---------- Input data

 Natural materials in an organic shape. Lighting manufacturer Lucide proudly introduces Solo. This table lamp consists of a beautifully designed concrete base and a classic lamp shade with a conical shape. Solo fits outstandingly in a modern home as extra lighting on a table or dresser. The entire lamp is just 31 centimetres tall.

--------------------
---------- Input data

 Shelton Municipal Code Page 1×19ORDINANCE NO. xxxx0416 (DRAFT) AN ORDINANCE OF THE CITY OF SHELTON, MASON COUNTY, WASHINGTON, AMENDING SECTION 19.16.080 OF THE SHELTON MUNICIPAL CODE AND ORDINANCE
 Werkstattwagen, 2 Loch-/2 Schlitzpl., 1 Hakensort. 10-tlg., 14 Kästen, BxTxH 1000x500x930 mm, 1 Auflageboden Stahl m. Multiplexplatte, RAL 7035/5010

--------------------
---------- Input data

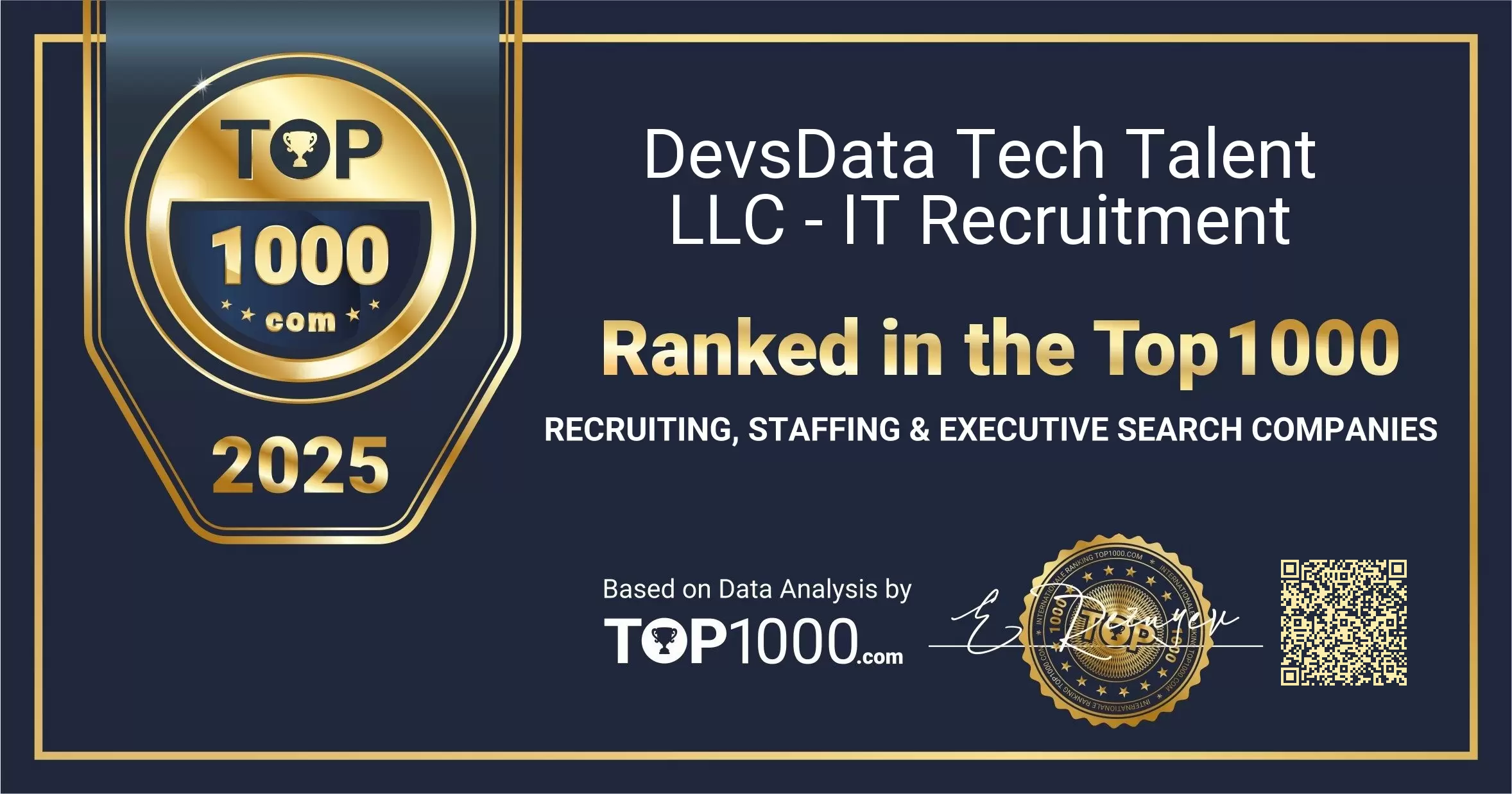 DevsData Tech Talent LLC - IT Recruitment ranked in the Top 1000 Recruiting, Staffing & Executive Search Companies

--------------------

Work to complete: In the listing above, find the line containing "Shelton Municipal Code Page" and the line containing "Werkstattwagen, 2 Loch-/2". Output them and every line between, exactly, and nothing else.

Finished exercise:
 Shelton Municipal Code Page 1×19ORDINANCE NO. xxxx0416 (DRAFT) AN ORDINANCE OF THE CITY OF SHELTON, MASON COUNTY, WASHINGTON, AMENDING SECTION 19.16.080 OF THE SHELTON MUNICIPAL CODE AND ORDINANCE
 Werkstattwagen, 2 Loch-/2 Schlitzpl., 1 Hakensort. 10-tlg., 14 Kästen, BxTxH 1000x500x930 mm, 1 Auflageboden Stahl m. Multiplexplatte, RAL 7035/5010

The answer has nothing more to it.